I am a woman. What don't I know about beauty? I have breathed in its instruction since I was a little girl, twirling in my mother's favorite dancing dress, hearing, "Oh, so sweet." I have absorbed the guidelines for beauty from my culture to include painting black around my eyes, and red on my cheeks and lips, but not the reverse. My ears are full of the praises and ridicules of those who abide by our group guidelines, and the faults of the unfortunates who weren't born with some measure of beauty. As if that were possible.
Martin Luther talked about the alien dignity of people, the automatic value a person holds simply by existing. We seem to understand the intrinsic value of someone who has had a tragic accident and loses mobility. But a person with a quirky or awkward gait, we allow no mercy. Our culture sees beauty in conformity, and anything that does not conform is deformity.
What are these group guidelines to beauty? They tend to be conflicting. To be beautiful, we must disallow hair to grow where it will.

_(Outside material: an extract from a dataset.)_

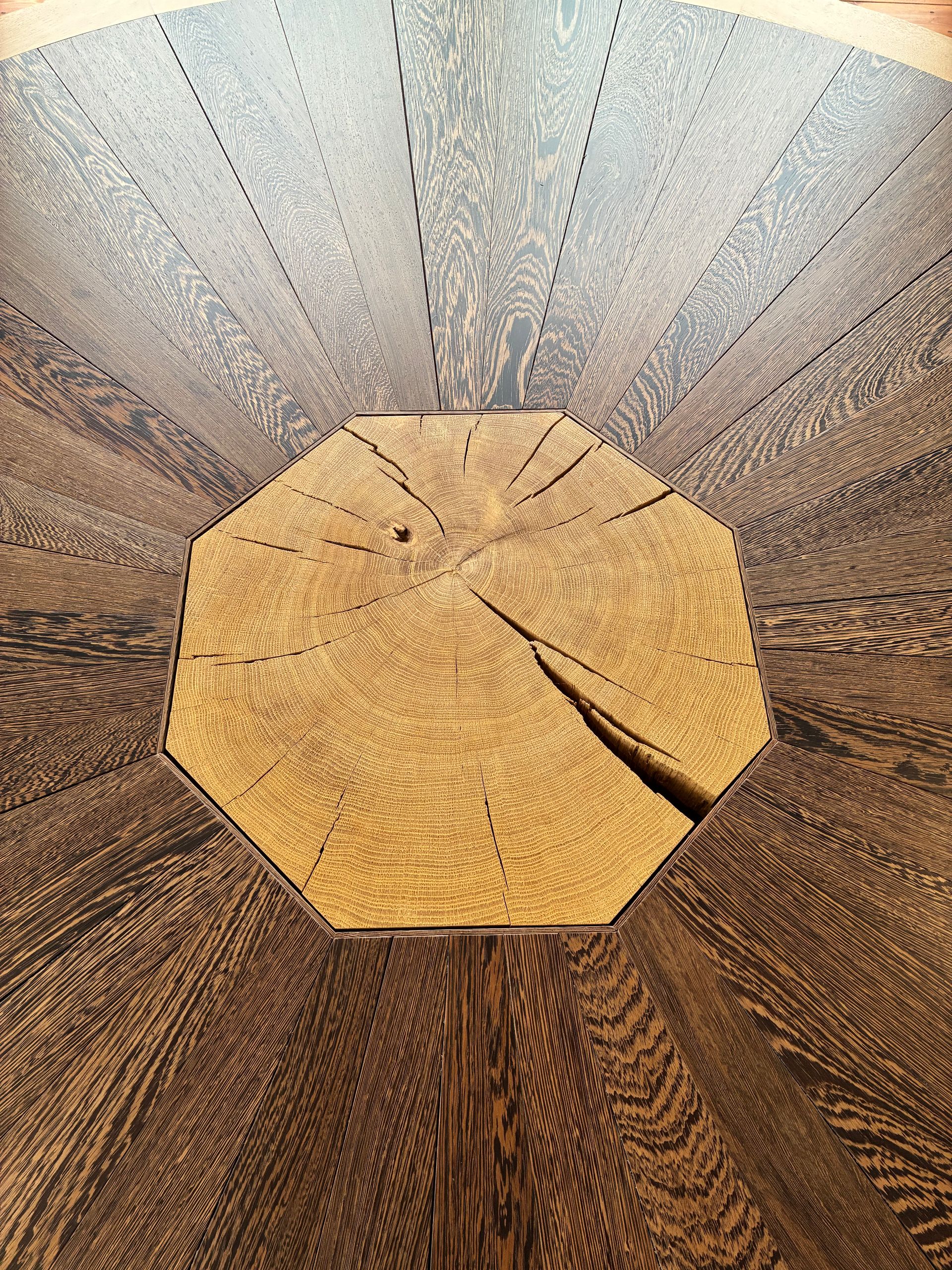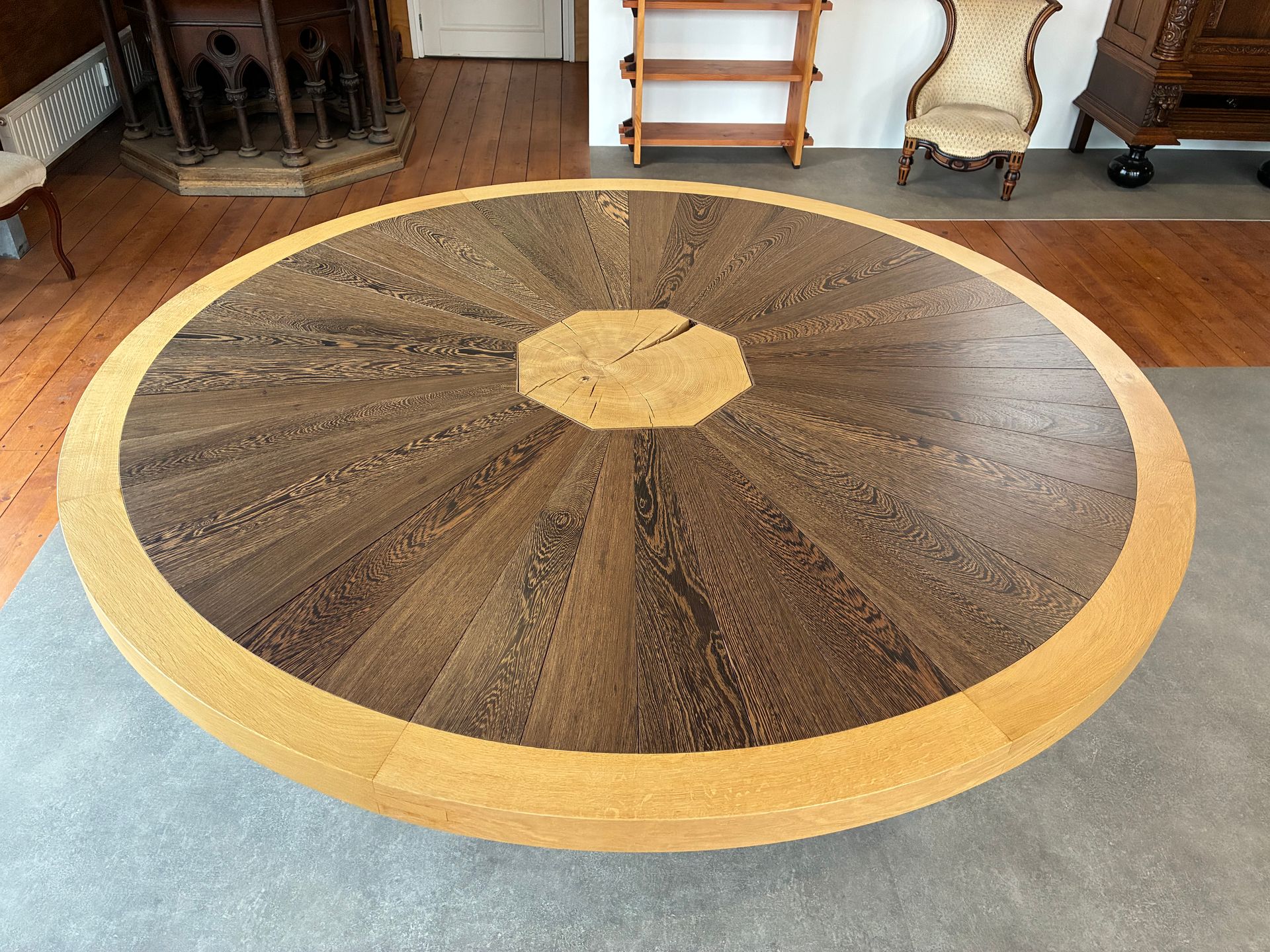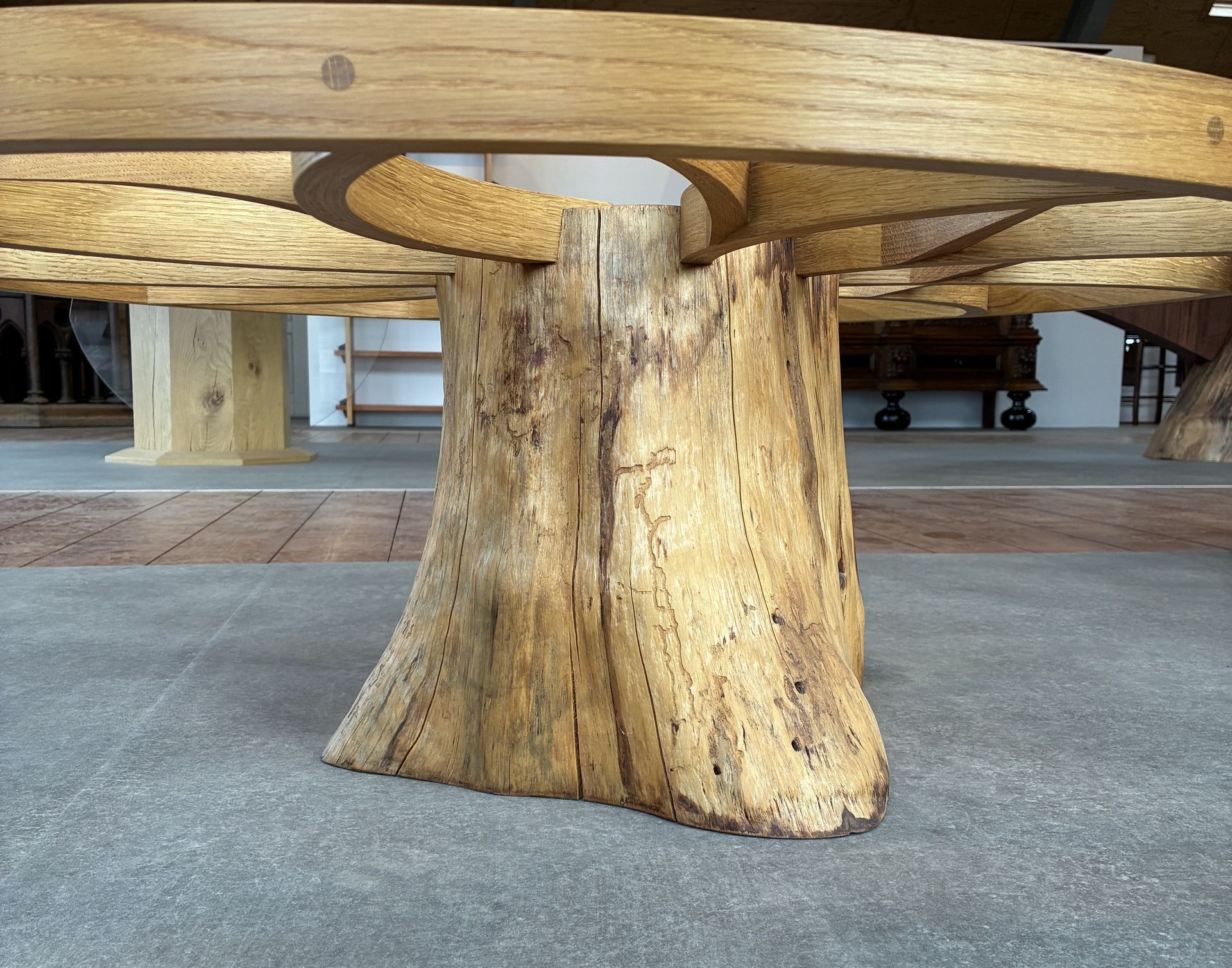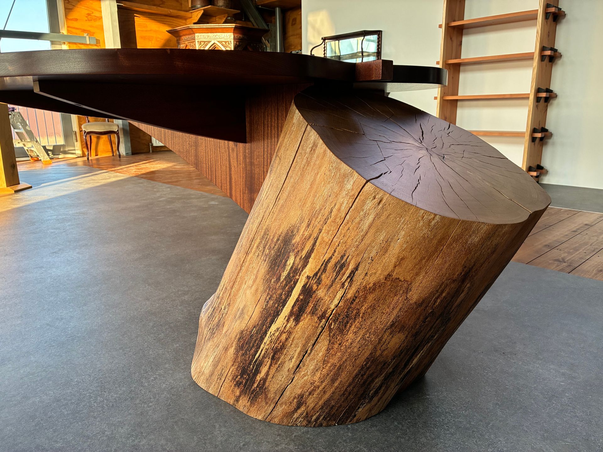 De poot van deze tafel is een massief blok eiken met zwaluwstaart verbindingen van wengé. De buitenste rand van het blad is gemaakt van eiken krommers waardoor de houtnerf met de ronding van het blad mee loopt. Het binnenste gedeelte van het blad is van wengé. De doorsnee van de tafel is 200 cm, hoogte 78 cm.

However, we also need to make sure that hair will grow where it has decided it won't. A few years ago, a pierced ear disaster was when the holes enlarged. Now, we try to enlarge the holes by inserting larger and larger grommets, like the people we used to gawk at in pictures from the National Geographic. While we don't (yet) see a spatula-shaped lower lip as luscious, or a neck distended by stacked rings as elegant, great wind-whistling holes in our ears are to be desired.
To be considered attractive, we slather ourselves either with stuff to make our skin darker, or with stuff to keep us from getting darker. We cut our hair to help it grow out. For cosmetic reasons, we try to eat less than we need, while much of the world is trying to get just enough, for non-cosmetic reasons. Conflicting as our rules are, no one wins. If our group guidelines were made to define beauty, they only serve now to shame us. Shame is an ugly thing.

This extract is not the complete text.